I don't like calling myself an atheist.  I use it for lack of a better word.  I won't call myself a christian.  I left it for lack of a better god.

In truth, I really can't stand the Evangelical Atheists.  The kids who worship Dawkins and Hitchens are just as annoying as any Pentecostal.

I've jokingly called rock n' roll the only true religion, but inside I kind of mean it.  I love the music and the gatherings and the uncertainty and the pageantry.

What's got my phantom limb twitching tonight must be somewhere in that part of my faith.  Once at a worship service I lead, I didn't light any of the candles that I placed at the alter.  Instead I left several matchbooks and lighters laying around and asked the people to light a candle when they knelt and prayed.  I asked them to spark hope against the darkness so that we could join them in prayer.  The image of the sea of candles flickering at the end of communion still tugs at my heart.

I'm frustrated because there is no secular version of that moment.  I don't have the liturgy any more and I really miss it sometimes.  One of the earliest Christian Rock songs was called "Why should the devil have all the good music?"  I never thought I'd be asking why christians should have all the beautiful moments.

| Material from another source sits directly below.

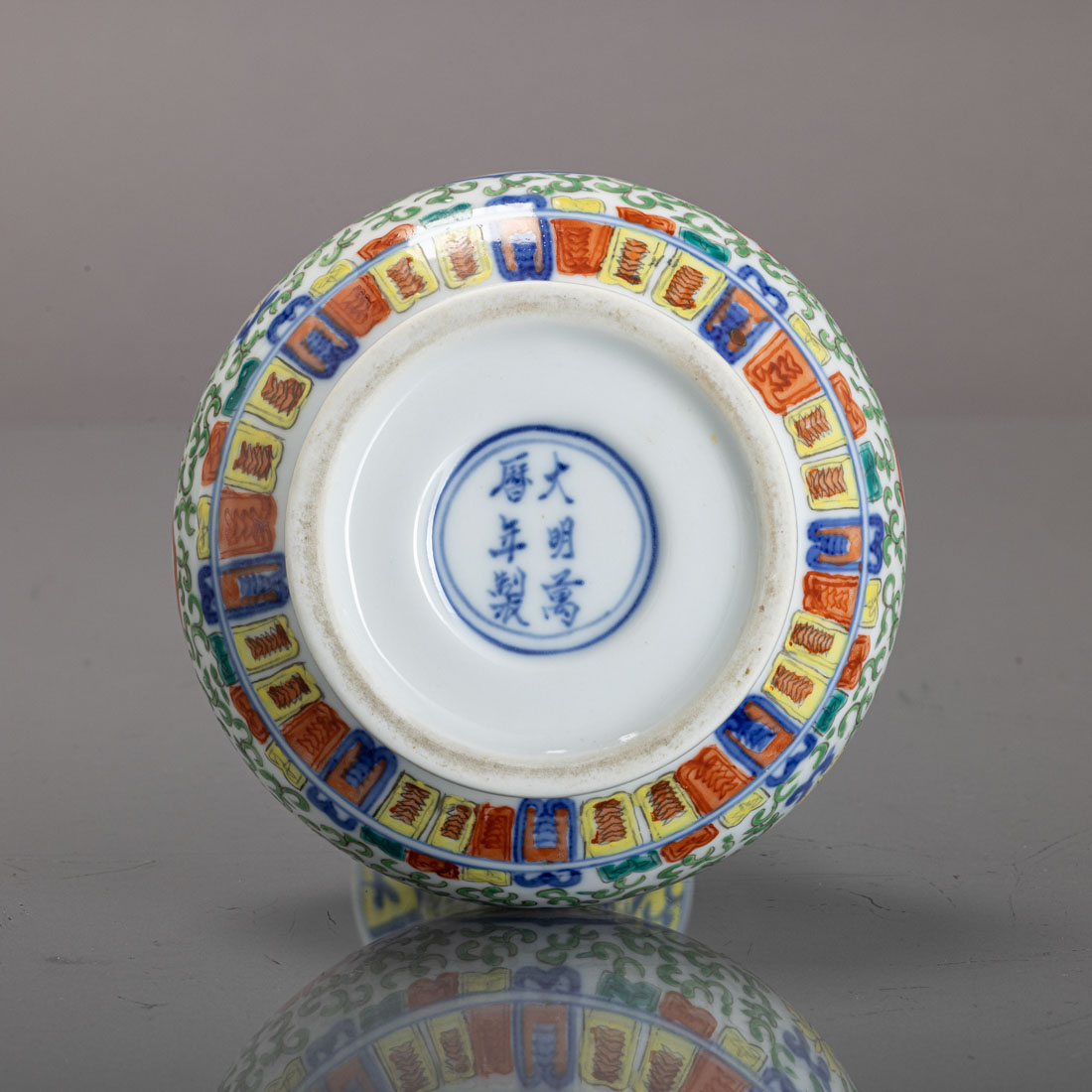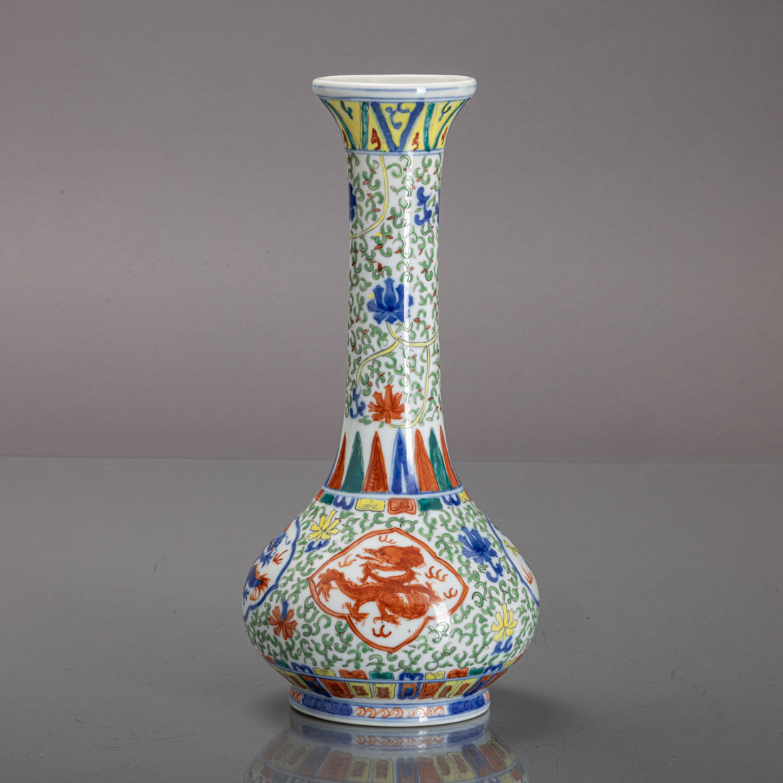 Em porcelana da China, decoração policromada com elementos vegetalista, reservas com dragões. Marcada. Sinais de uso.

 How do I create a worshipful moment in tribute to all the things I love?  I'd love to start a church where instead of god we drew our hearts to one another.  I want to kneel and be grateful for my small stupid life and my amazing fiance.  I want to say thank you for my parents and my sister and her family.  I want to let someone know that I'm hurting without having to let someone know that I'm hurting.  I want to dim the lights and play music and weep and laugh. I'm not a heretic, I'm a believer without a belief.  I'm an ist without an ism.

The man I met who'd lost his leg had to get a nerve-block to ease his pain.  They blocked the lines of communication between his leg and his brain so he'd quit getting the false messages.  I have no interest in that.  He'd had his leg blown off in a war, he deserves his comfort.  I don't want comfort.  I want to stay close to these signals.

I'm going to play with this mystery a while. It's made me restless.  I've found comfort in the phantom pain because it means part of me is receptive to an undiscovered element.  I'm not really limping, it's more a stagger and it only hurts when I hold still.